--- EXERCISE PROMPT ---
The answer must consist only of the lines from the line with "Sett prikken over" to the line with "The first thing", both included, exactly as they stand below.

--- DATA SECTION ---
= Beginning of Section =

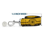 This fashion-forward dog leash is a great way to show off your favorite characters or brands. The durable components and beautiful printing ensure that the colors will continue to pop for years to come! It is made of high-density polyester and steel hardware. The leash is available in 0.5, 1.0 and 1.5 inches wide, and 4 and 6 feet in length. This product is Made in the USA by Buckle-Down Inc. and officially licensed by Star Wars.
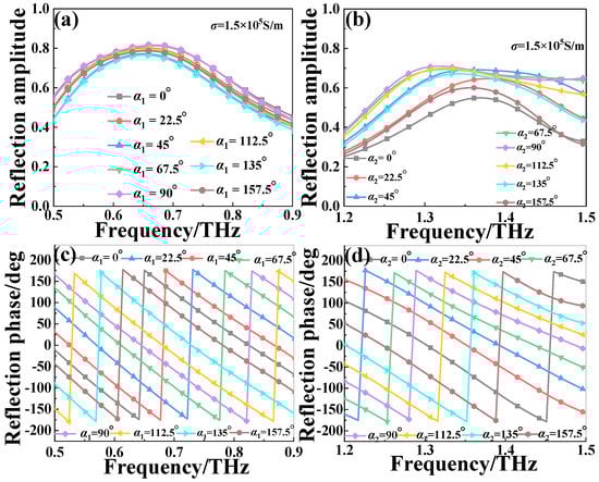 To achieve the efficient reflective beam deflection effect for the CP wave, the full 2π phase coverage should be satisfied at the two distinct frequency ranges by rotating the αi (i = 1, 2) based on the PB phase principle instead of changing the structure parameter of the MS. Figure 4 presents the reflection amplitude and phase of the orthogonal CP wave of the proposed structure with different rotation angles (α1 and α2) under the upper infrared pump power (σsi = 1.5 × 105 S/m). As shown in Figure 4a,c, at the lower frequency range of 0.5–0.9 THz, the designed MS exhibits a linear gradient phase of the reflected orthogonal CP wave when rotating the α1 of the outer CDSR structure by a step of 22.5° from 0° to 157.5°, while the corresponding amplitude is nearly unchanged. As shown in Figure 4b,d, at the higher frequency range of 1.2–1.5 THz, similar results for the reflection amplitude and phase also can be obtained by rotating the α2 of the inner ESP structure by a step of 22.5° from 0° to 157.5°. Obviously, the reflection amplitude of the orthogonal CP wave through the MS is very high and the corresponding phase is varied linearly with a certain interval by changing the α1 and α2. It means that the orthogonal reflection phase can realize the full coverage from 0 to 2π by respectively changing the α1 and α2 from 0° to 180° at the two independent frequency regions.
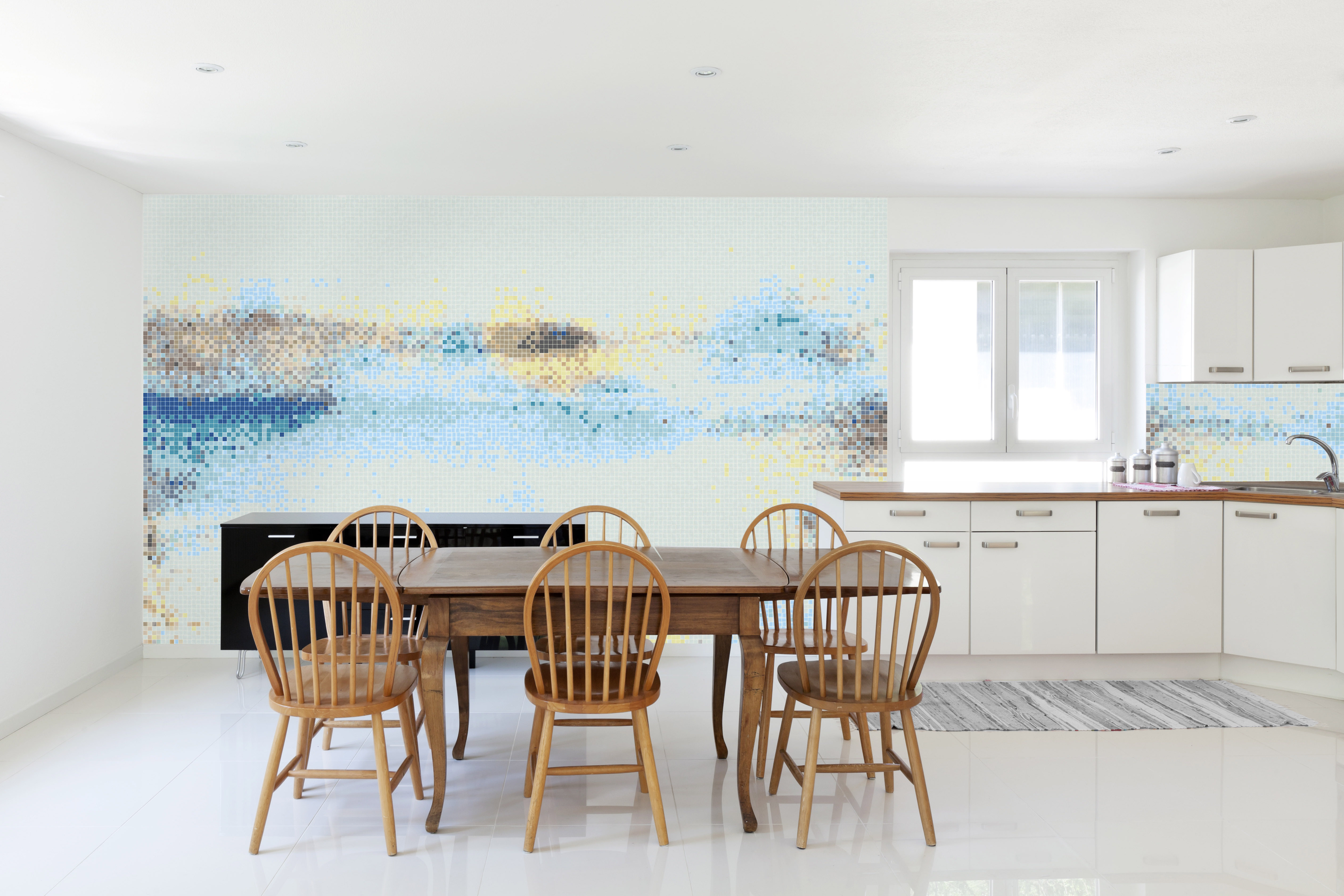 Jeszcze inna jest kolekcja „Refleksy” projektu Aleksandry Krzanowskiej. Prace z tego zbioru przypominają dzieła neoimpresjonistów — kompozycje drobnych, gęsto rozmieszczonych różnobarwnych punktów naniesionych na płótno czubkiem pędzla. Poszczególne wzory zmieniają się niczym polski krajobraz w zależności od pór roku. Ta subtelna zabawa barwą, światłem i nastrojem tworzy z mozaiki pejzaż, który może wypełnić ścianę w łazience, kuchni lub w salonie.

= End of Section =
= Beginning of Section =

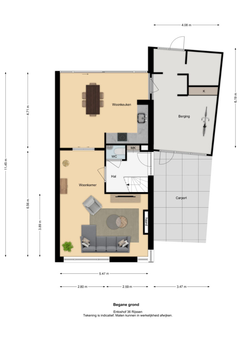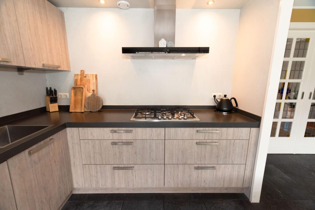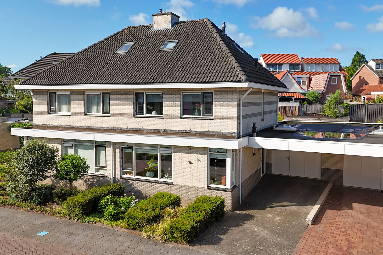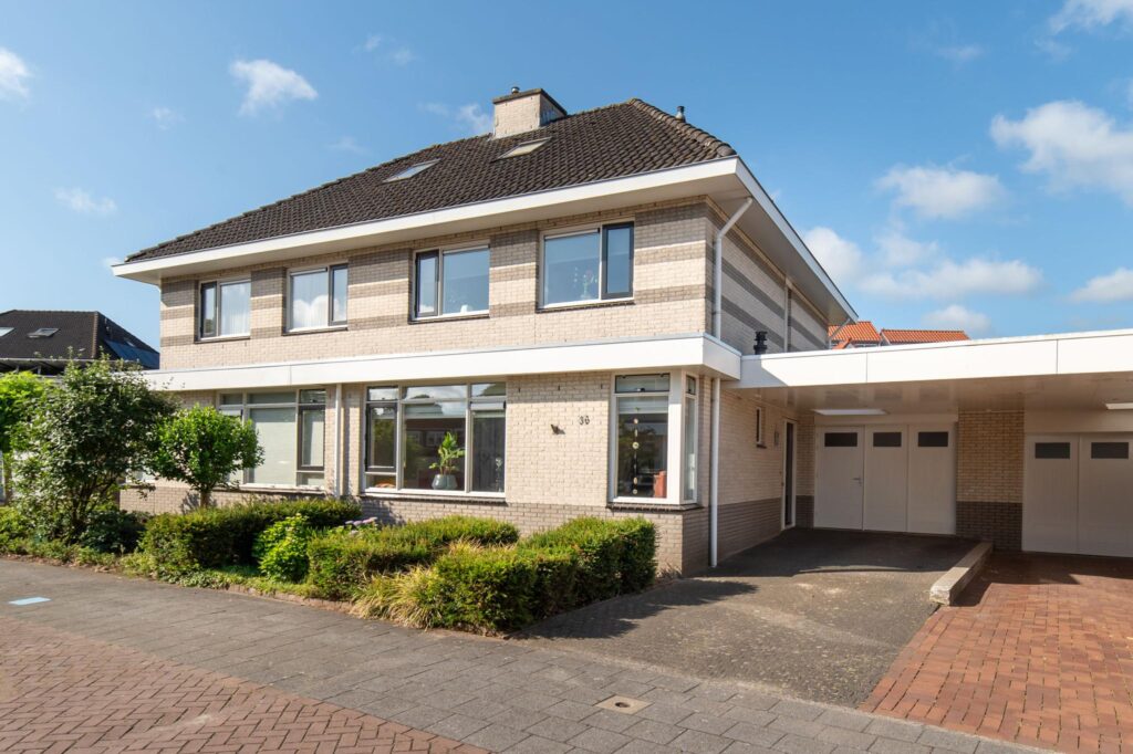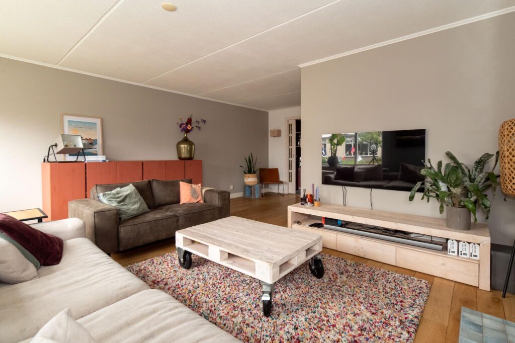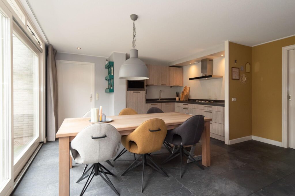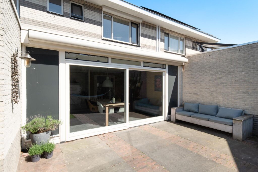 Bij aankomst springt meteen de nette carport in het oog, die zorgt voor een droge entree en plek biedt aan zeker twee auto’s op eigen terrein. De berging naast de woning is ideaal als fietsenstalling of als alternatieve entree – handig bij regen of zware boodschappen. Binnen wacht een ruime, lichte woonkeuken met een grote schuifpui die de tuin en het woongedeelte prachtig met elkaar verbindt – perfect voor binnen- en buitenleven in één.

= End of Section =
= Beginning of Section =

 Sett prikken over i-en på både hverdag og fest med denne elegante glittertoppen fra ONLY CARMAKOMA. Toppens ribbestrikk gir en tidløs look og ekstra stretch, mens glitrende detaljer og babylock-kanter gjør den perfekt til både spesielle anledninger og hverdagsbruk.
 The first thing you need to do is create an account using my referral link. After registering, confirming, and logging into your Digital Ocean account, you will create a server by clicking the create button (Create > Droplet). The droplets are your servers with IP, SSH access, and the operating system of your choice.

= End of Section =

--- EXPECTED OUTPUT ---
 Sett prikken over i-en på både hverdag og fest med denne elegante glittertoppen fra ONLY CARMAKOMA. Toppens ribbestrikk gir en tidløs look og ekstra stretch, mens glitrende detaljer og babylock-kanter gjør den perfekt til både spesielle anledninger og hverdagsbruk.
 The first thing you need to do is create an account using my referral link. After registering, confirming, and logging into your Digital Ocean account, you will create a server by clicking the create button (Create > Droplet). The droplets are your servers with IP, SSH access, and the operating system of your choice.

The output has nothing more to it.